The methodology is well presented and evaluated. Results on aerodynamic shape optimization show improvements in simulated drag and design novelty over baselines. The proposed physics-geometry triplane embedding and the gradient-guided diffusion and topology-preserving refinement look both novel. Clarity is generally good, with clear figures. The work targets a challenging and relevant problem in scientific design and makes clear progress compared to existing methods. Overall, I find this to be a solid and well-executed paper with meaningful contributions, and I lean toward acceptance.

问题

While the diffusion process is guided by gradients of the objective, there is no explicit enforcement of hard physical or geometric constraints during sampling. This raises the question of how often does the sampling stage produce geometries that are physically invalid or impractical?

局限性

Yes.

最终评判理由

Based on the overall quality of the submission and the authors’ responses to my comments in the rebuttal, I’m inclined to recommend acceptance for this paper.

格式问题

No concerns

作者回复

2025-07-31

We thank the reviewer for the positive feedback. We appreciate that the reviewer thinks our work is novel in the method and makes clear progress compared to existing methods. Below, we address the reviewer's concerns one by one.

Comment 1: "There is no explicit enforcement of hard physical or geometric constraints during sampling."

A1: We sincerely thank the reviewer for pointing out this important aspect, which indeed opens a valuable direction for future work. However, we would like to respectfully note that the gradient-guided mechanism already helps steer the generative process toward regions of the design space that implicitly satisfy geometric constraints and exhibit improved physical performance. Specifically, for geometric constraints, our diffusion model is trained on a large amount of automotive shapes, which enables it to learn the underlying structure and generate topologically coherent geometries (see Comment 2). For physical constraints, since inverse design lacks direct PDE-based formulations as in forward simulations, we instead rely on gradient guidance from the performance predictor to bias sampling toward designs with better aerodynamic properties. This soft guidance effectively incorporates physical awareness without requiring explicit constraint formulations.

Comment 2: "How often does the sampling stage produce geometries that are physically invalid or impractical?"

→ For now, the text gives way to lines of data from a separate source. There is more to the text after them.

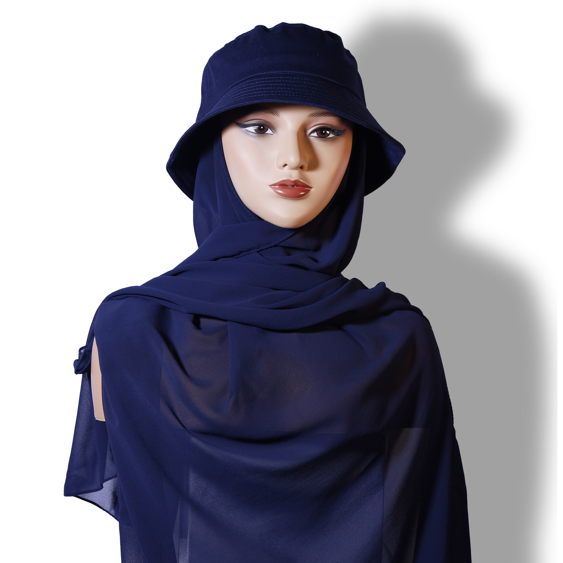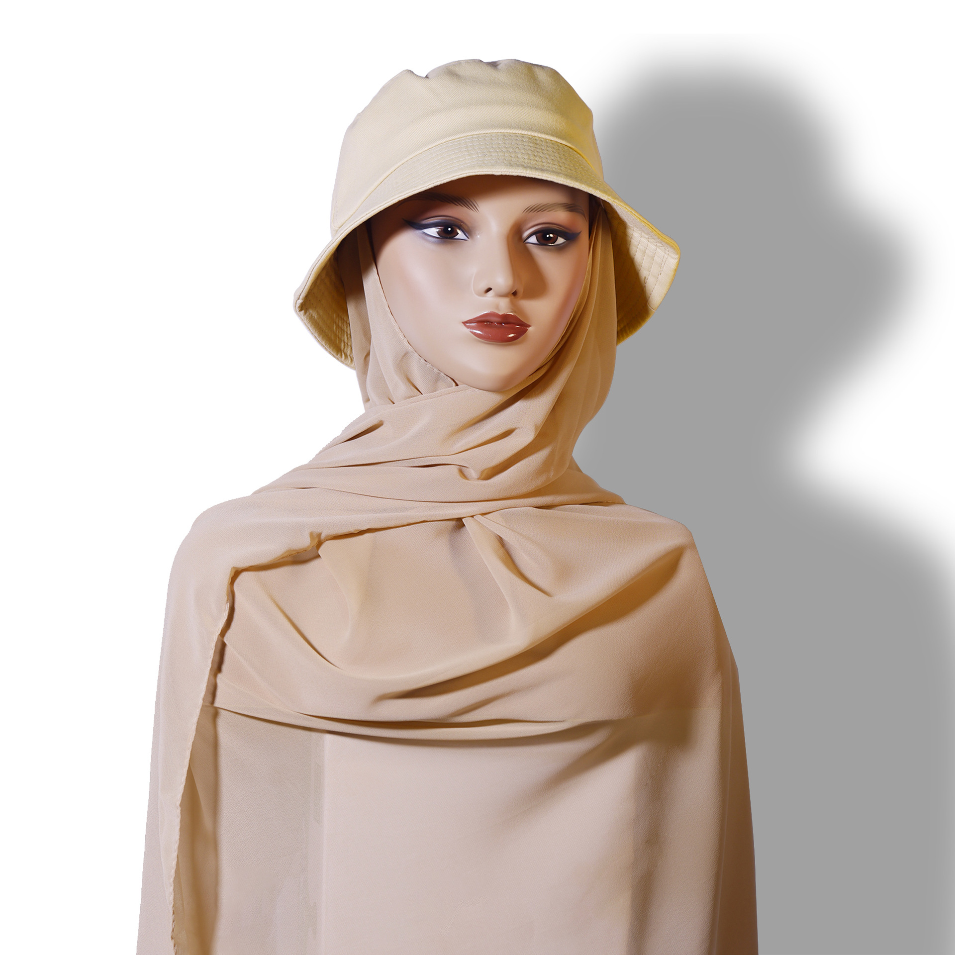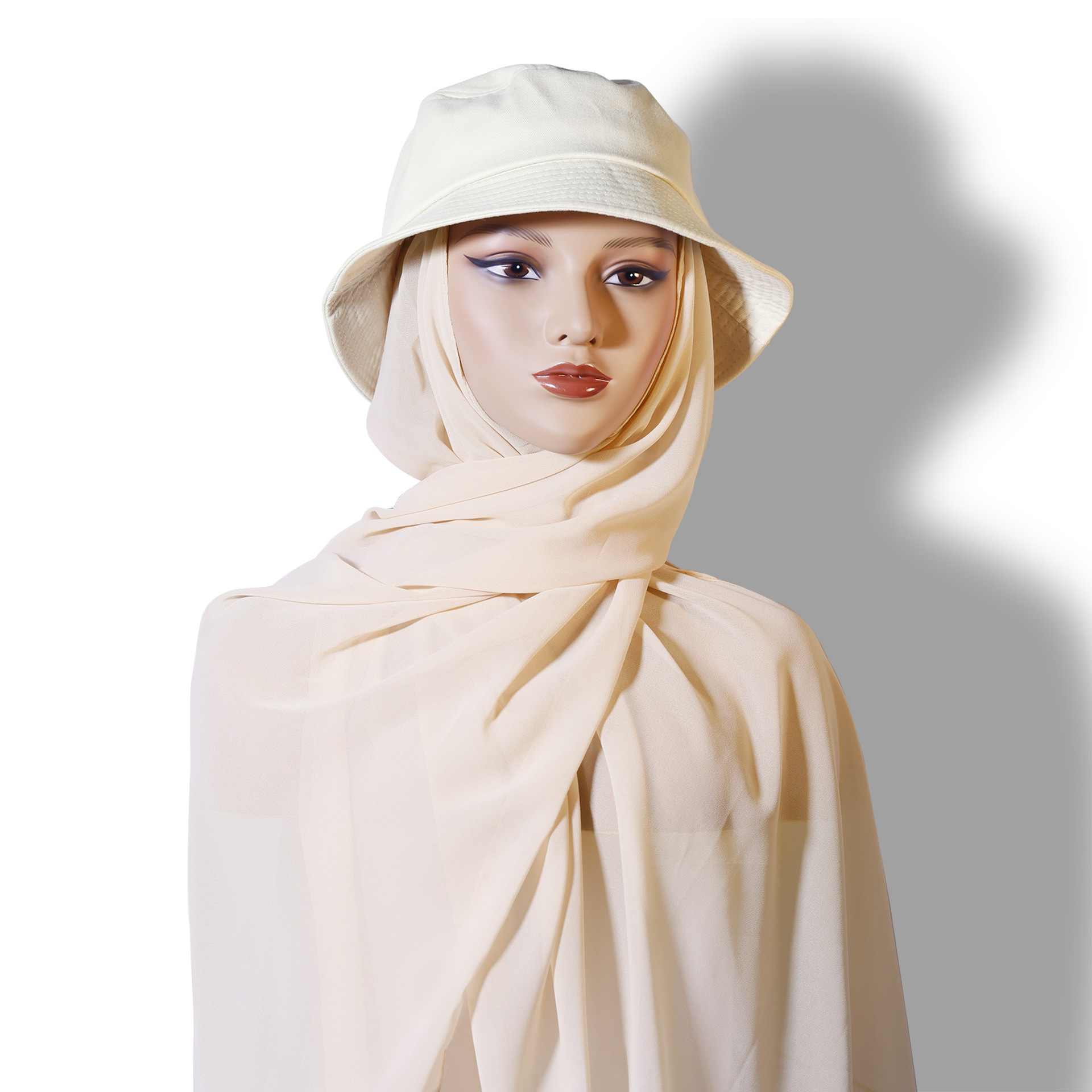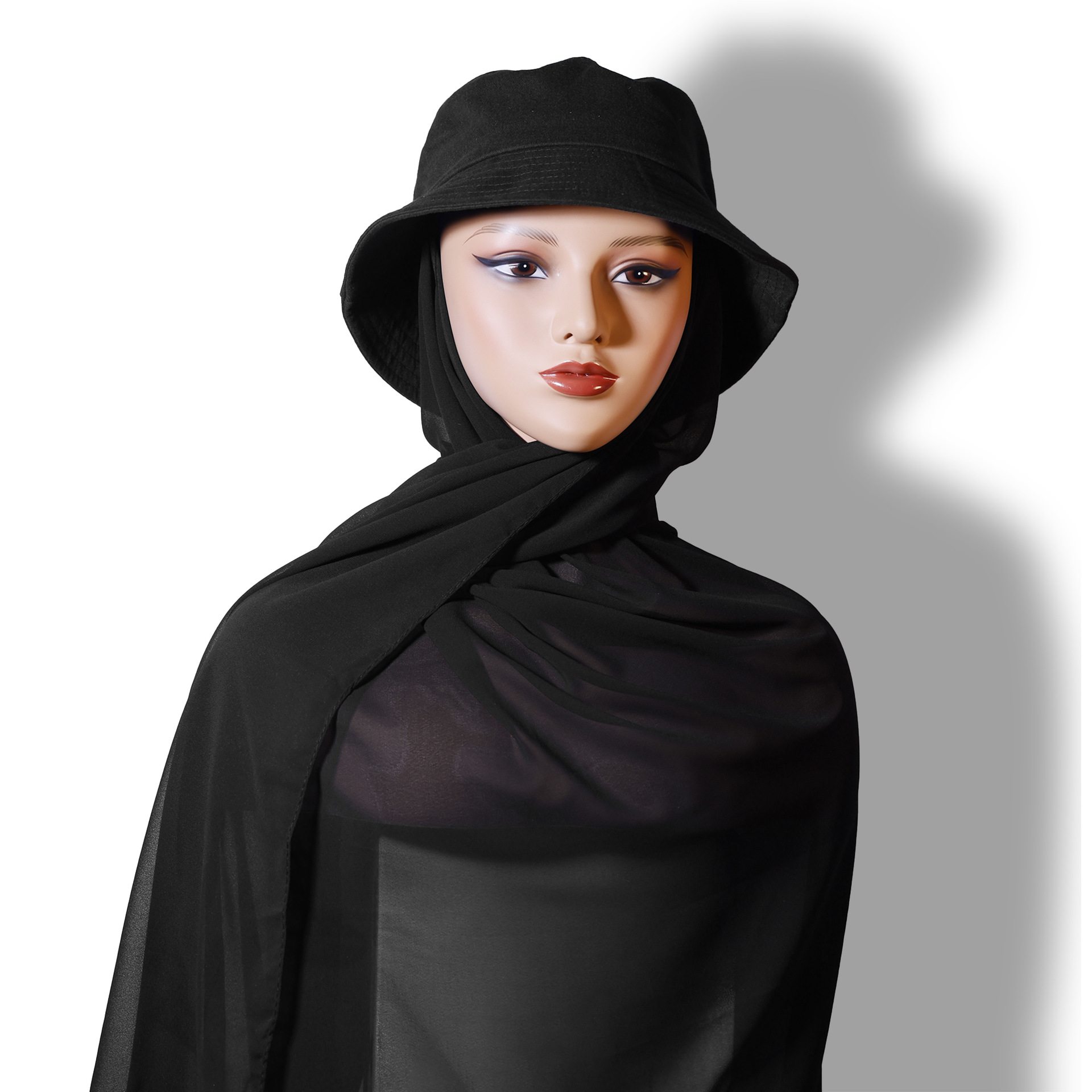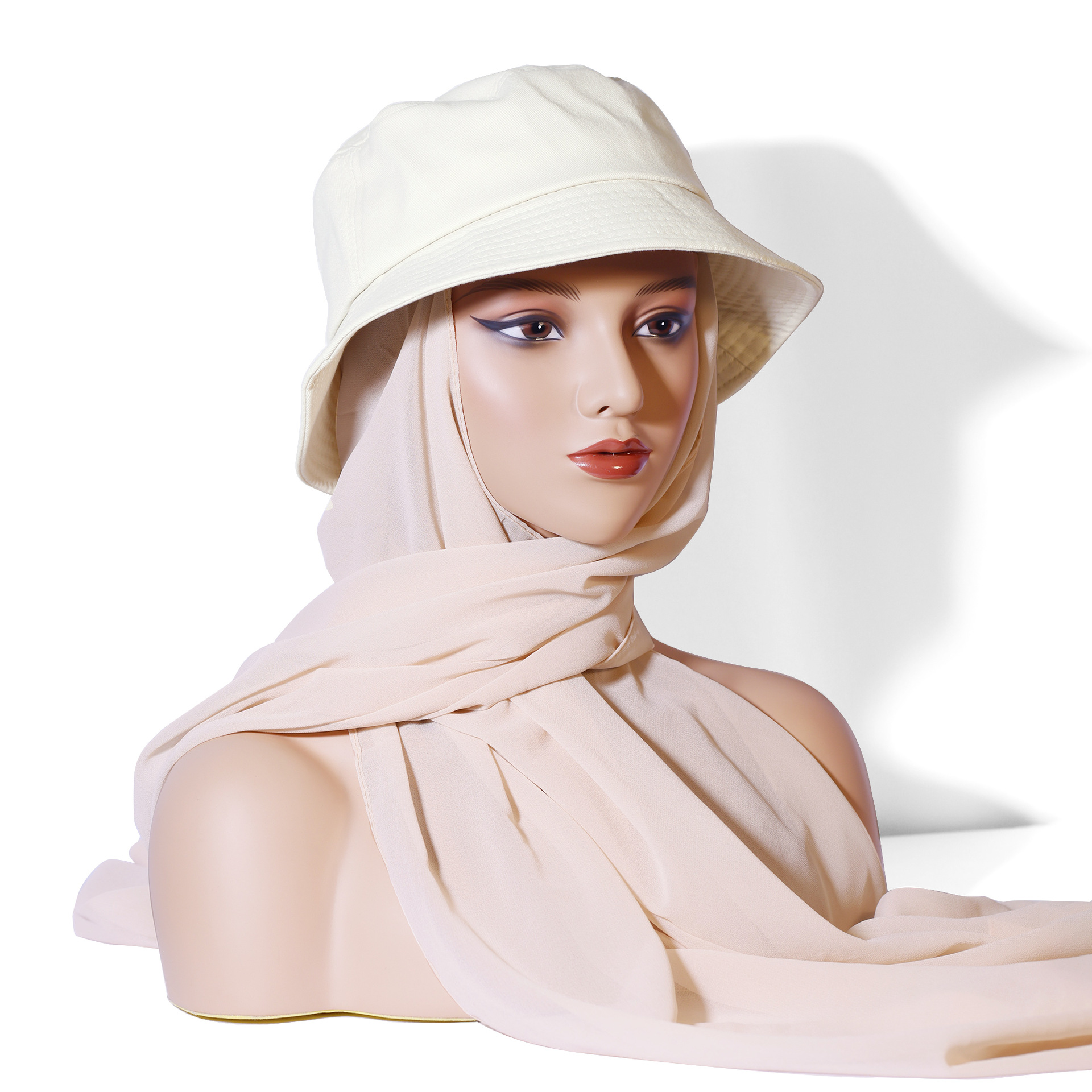 新作シフォンヘッドスカーフとベースキャップのセット、単色パールシフォンロングスカーフとベースキャップの一体型セット
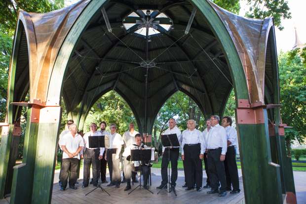 A programmal kapcsolatban nem kell nagy dologra gondolni, csak egy 20-30 perces kis zenei programra, amihez azért érdemes lesz az esti sétát időzíteni, mert megéri. Szombaton este még csak néhányan ültek a hatalmas tölgyek alatt levő padokon, de ez hamarosan változni fog, mert nagyon hangulatosnak ígérkezik a sorozat, amint az kiderült tegnap, amikor elsőként a Szarvasi Férfikórus lépett a deszkákra Iváncsó József vezetésével és népdalcsokrokat, nemzeti ünnepeinkhez kapcsolódó dalokat és katonadalok mellet szórakoztató dalokat is énekeltek a szerelemről, a pálinkáról, az ivászatról. Repertoárjukba felvették kóruselődjük, a két világháború között virágkorát élő Szarvasi Dalkar három, Rohoska Géza karnagy által írt nótáját is.
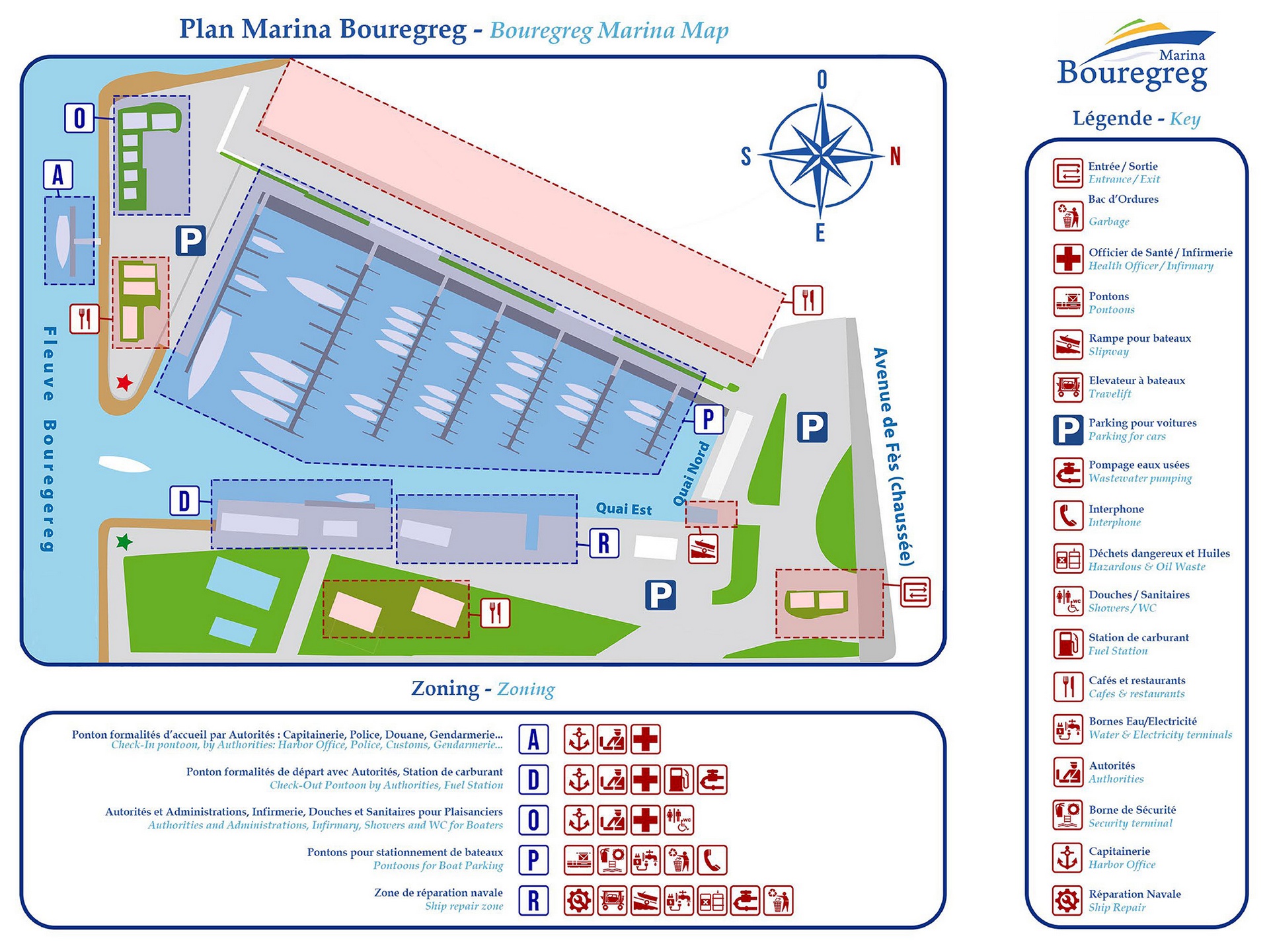 La Bouregreg Marina est nichée à l'embouchure du fleuve Bouregreg, entre la capitale et la ville de Salé. Ce port, implanté dans un site emblématique, est spécialement conçu pour accueillir les bateaux de plaisance d'une longueur maximale de 40 mètres et d'un tirant d'eau ne dépassant pas 4 mètres. Il est aménagé pour répondre aux besoins spécifiques des bateaux suivants :

A2: Thanks for suggesting such an important experiment. To validate the plausibility of the generated geometries, we sampled 500 designs using our method and evaluated them for physical and geometric validity (including watertightness, self-intersection, average volume, and average surface area). The table below compares these metrics across three stages: the original training data, our method's output after sampling, and the final results after the refinement stage. From the table, we can see that 100% of the sampled shapes are watertight and free from self-intersections. This robustness is largely attributed to the proposed continuous latent embedding, which, when combined with the marching cubes algorithm, ensures that the decoded shapes remain topologically coherent and geometrically well-formed. After the optimization, we observe that the geometry completeness remains unchanged, as our topology-preserving optimization does not alter the mesh connectivity or introduce artifacts.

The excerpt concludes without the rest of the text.